Australian startup Ping Services has raised almost $600,000 (A$850,000) to support the commercialisation of its acoustic listening device for monitoring the health of wind turbines.
Known as the Ping Monitor, the patented device makes use of acoustic analysis, machine learning and the Internet of Things (IoT) to continuously detect wind turbine blade damage.
Ping Services CEO Matthew Stead said: “This technology is a game-changer for the wind farm operations & maintenance (O&M) sector and there’s a rush to see which large operator will be first out of the gate to start continuously monitoring their turbines.”
The device is attached to the wind turbine towers to actively listen to the blades’ acoustic signature. It can also rotate to detect blade faults such as pitting or cracks caused by lightning strikes or hail.
Ping Monitor is based on an algorithm, which can rate the health of the turbine based on its acoustic signature and monitor changes over time.

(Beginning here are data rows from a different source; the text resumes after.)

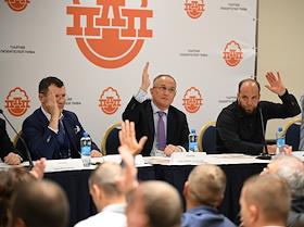 Съезд Партии любителей пива (ПЛП) в гостинице "МонАрх". Председатель ПЛП Сергей Гришин во время…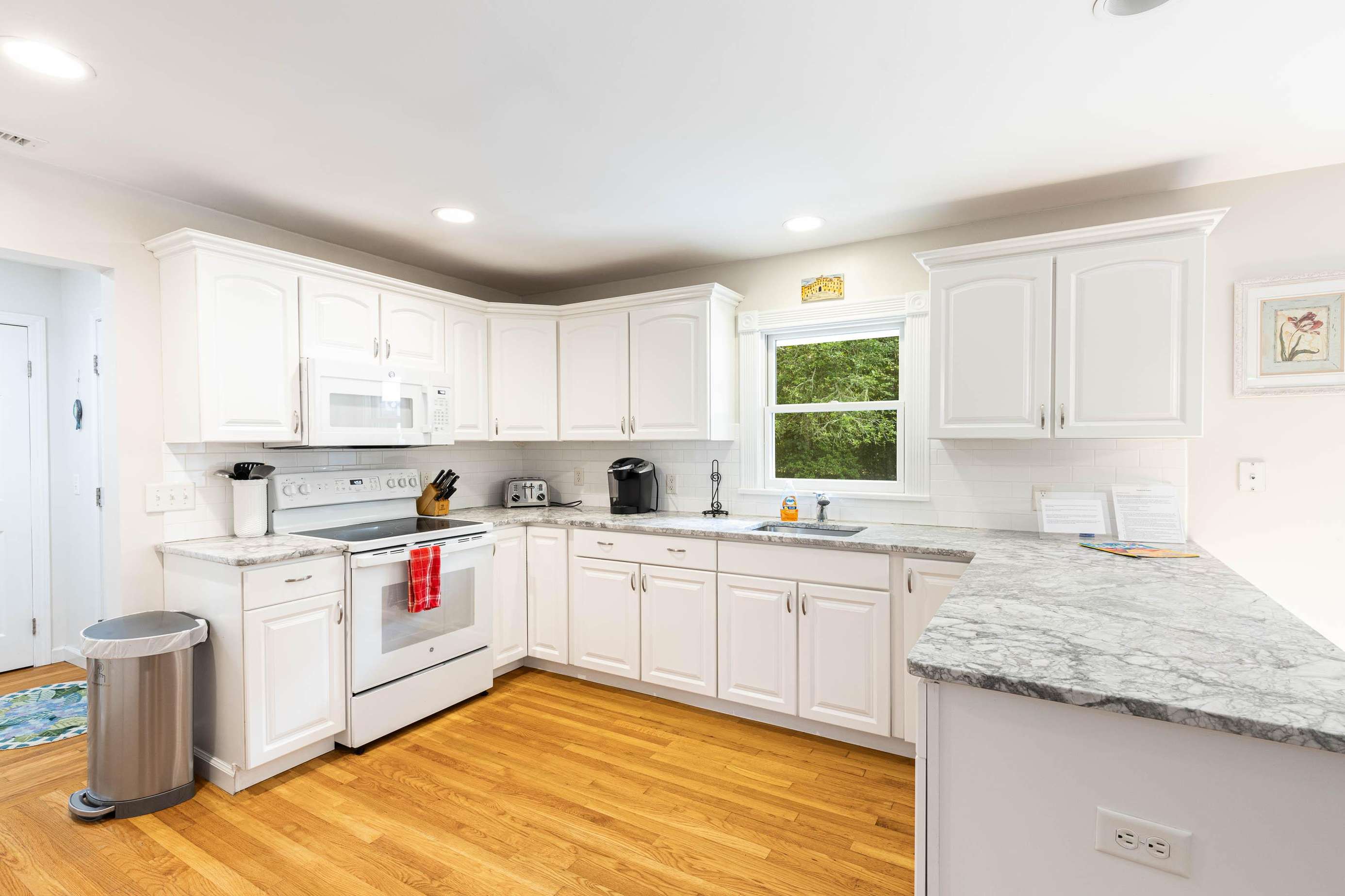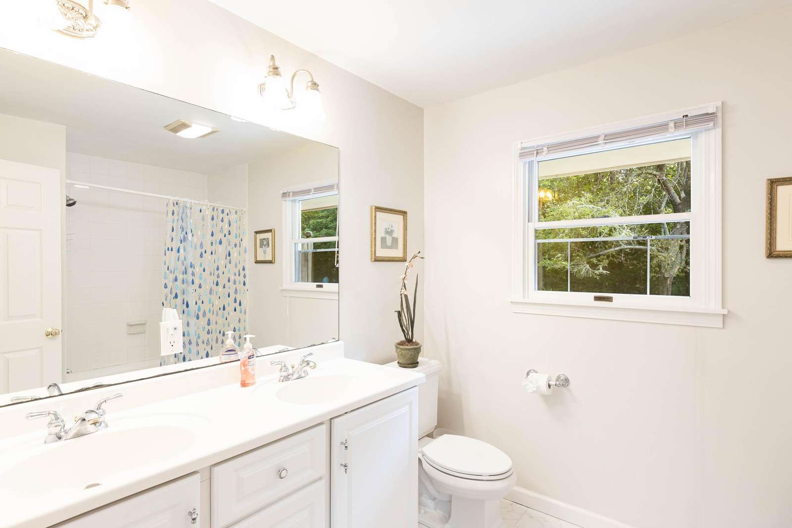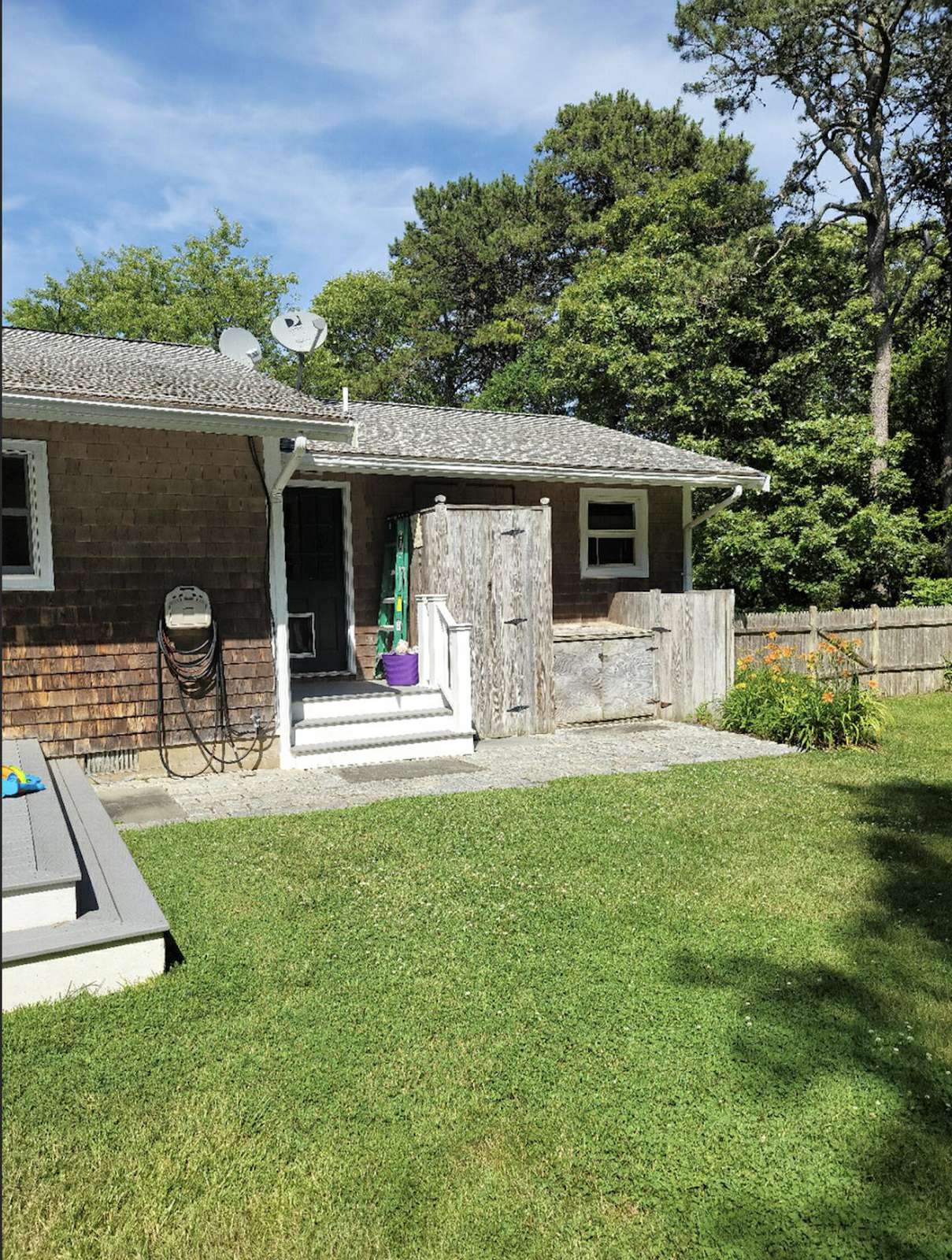Outdoors, enjoy a sunny back deck with dining and lounge areas, surrounded by lush greenery for privacy. Fire up the grill, unwind in the fresh Vineyard air, or rinse off under the outdoor shower after a day on the sand.
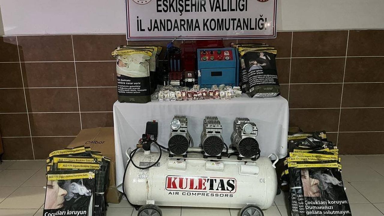 Eskişehir’de jandarma ekiplerince bir şüphelinin adresinde yapılan aramada 11 paket 1 kilogramlık sahte bandrollü kıyılmış tütün, 632 adet darphane makaron bandrolü ve suç unsuru malzeme ele geçirildi.
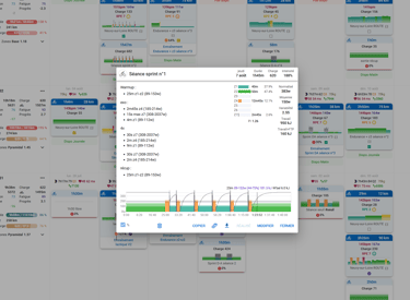 Analyse et retour sur chaque séance d'entrainement, contact illimité avec l'entraineur et réadaptation de l'entrainement en fonction des contraintes pro-perso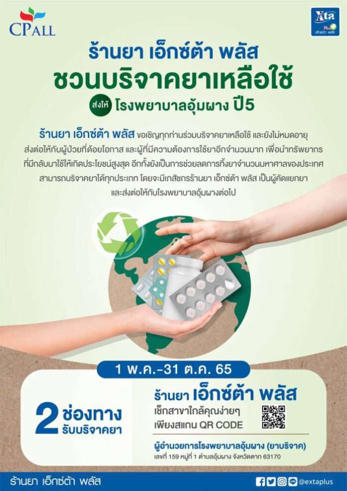 ร้านยา เอ็กซ์ต้า พลัส ในกลุ่มธุรกิจ ซีพี ออลล์ ร่วมกับโรงพยาบาลอุ้มผาง เชิญชวนร่วมบริจาคยาเหลือใช้ที่ยังไม่หมดอายุ เพื่อส่งต่อให้กับโรงพยาบาลอุ้มผาง นำไปแจกจ่ายให้กับผู้ป่วยที่อยู่ในกลุ่มผู้ไม่มีสิทธิในหลักประกันสุขภาพ โดยเปิดรับบริจาคตั้งแต่วันนี้ จนถึงวันที่ 31 ตุลาคม 2565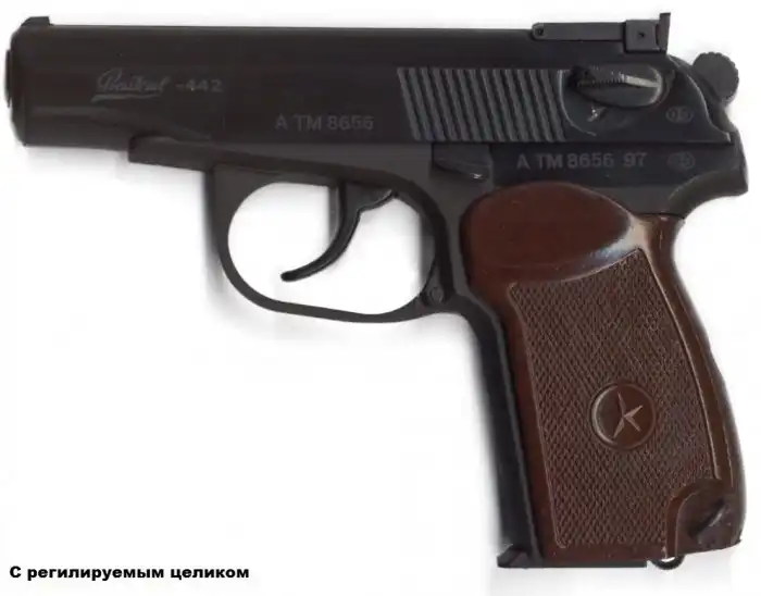 Пистолет может комплектоваться тремя вариантами магазинов: на 8, 12 и 10 патронов; последний имеет ограничитель для соответствия оружейному законодательству многих стран. Стандартная форма рукояти — аналогичная ПММ, однако пистолет с однорядным магазином может комплектоваться и рукоятью от ПМ. Для рынка Канады был выпущен вариант пистолета с удлиненным до 110мм стволом. Сертифицирован Байкал-442 в США был в трёх калибрах: 9x18ПМ, .380ACP (9х17 Kurz) и… 9х19 Para. Как такое может быть?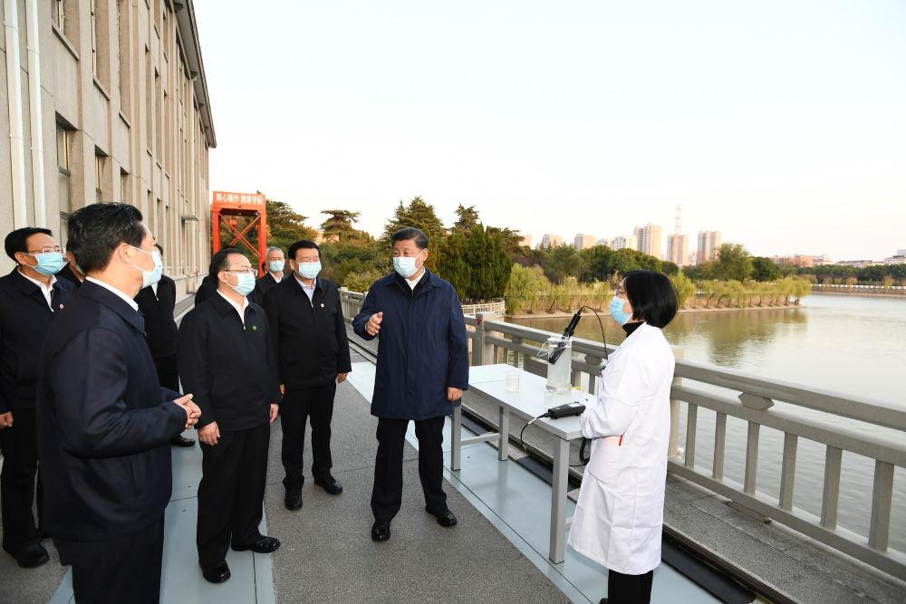 ↑2020年11月13日,在江蘇省揚(yáng)州市考察調(diào)研。這是在江都水利樞紐,了解南水北調(diào)東線工程規(guī)劃建設(shè)和樞紐運(yùn)行等情況。
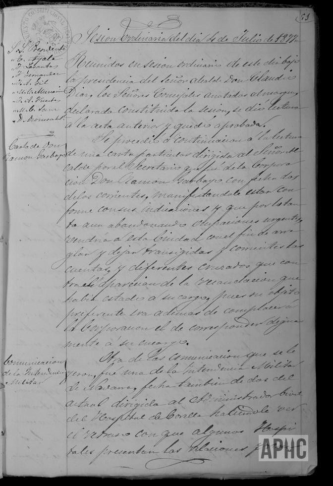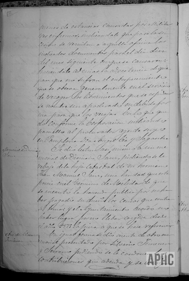 Carta de Ramón Garbayo Romeo, Secretario que fue del Ayuntamiento, anunciando que vendría a Corella, a ponerse a disposición de la corporación para cuantos asuntos estimaran pendientes y resolver conforme a la dignidad del cargo que ocupó. Comunicación de la Intendencia Militar, sobre gastos ocasionados por militares en el Hospital de Corella. Solicitud de Dionisio Sanz sobre rectificación en el Catastro de finca de su hermano Juan Manuel Sanz. Solicitud de Silverio Jiménez Serrano, sobre condonación de contribuciones que adeuda. Se acuerda denegar la solicitud. Solicitud de Pedro Sesma para que se le quite de Catastro viña que hace años vendió a Justo Liroz, en el término de el Montecillo. Solicitud de Doroteo Atienza, para que le condonen las contribuciones por el tiempo que ha estado avecindado en Valtierra. Convenio de arriendo de edificio del Ayuntamiento para cuartel de la Guardia Civil.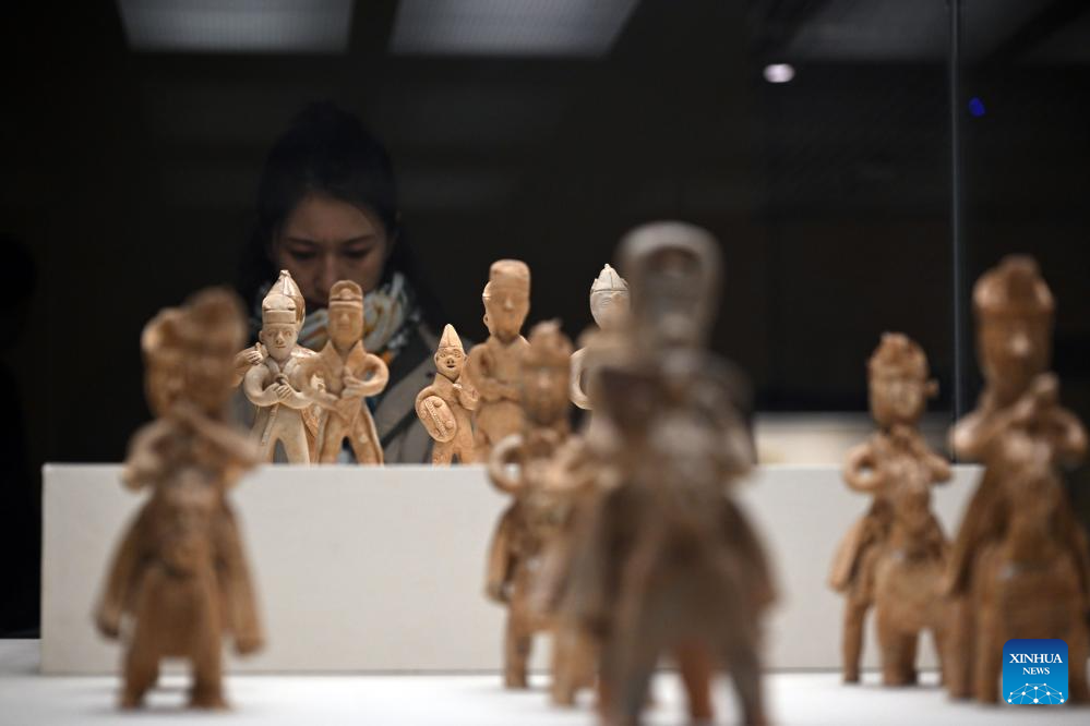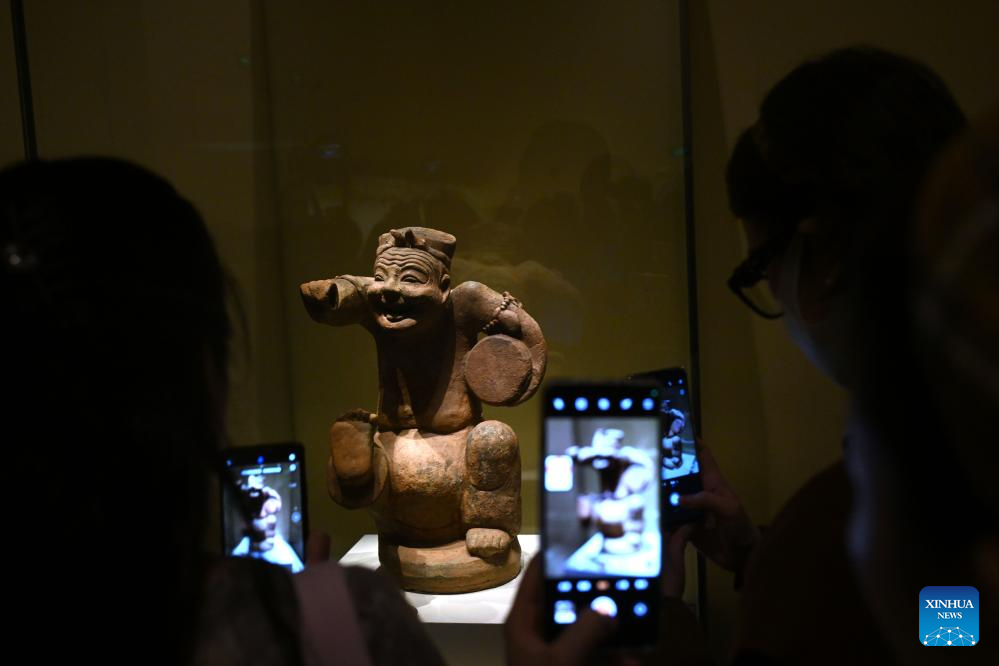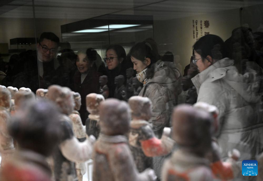 Visitors view a drum-beating pottery storyteller from the Eastern Han Dynasty (25-220) at the National Museum of China in Beijing, capital of China, Dec. 3, 2024.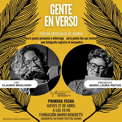 Tenemos el agrado de anunciar “Gente en verso. Poesía uruguaya de ahora”, ciclo organizado por la Fundación Mario Benedetti, y que irá el último jueves de cada mes.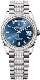 Rolex Day-Date 36 36mm Bright Blue Diamond-Set Dial Diamond-Set Bezel with Diamond-Set President Bracelet - 128349RBR | 2024 Model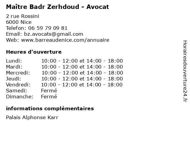 | Lundi | 10:00-12:00 et 14:00-18:00 |

The conical shape device protects the microphone from rain, debris such as bird droppings and ground-level noise. The data collected by the device is transferred from remote sites through low orbit nanosatellite technology.
Stead further added that the company has already won its first client and is further trialling the technology with some of the biggest wind farm operators in the world.
According to Stead, there were 3800 blade failures across the globe annually, which has caused damage of up to $2bn. The company plans to roll out the second-generation Ping Monitor 2.0 next month.
Ping Services closed an A$650,000 ($456,966) seed fund round after securing an additional A$200,000 ($140,605) in government funding earlier this year.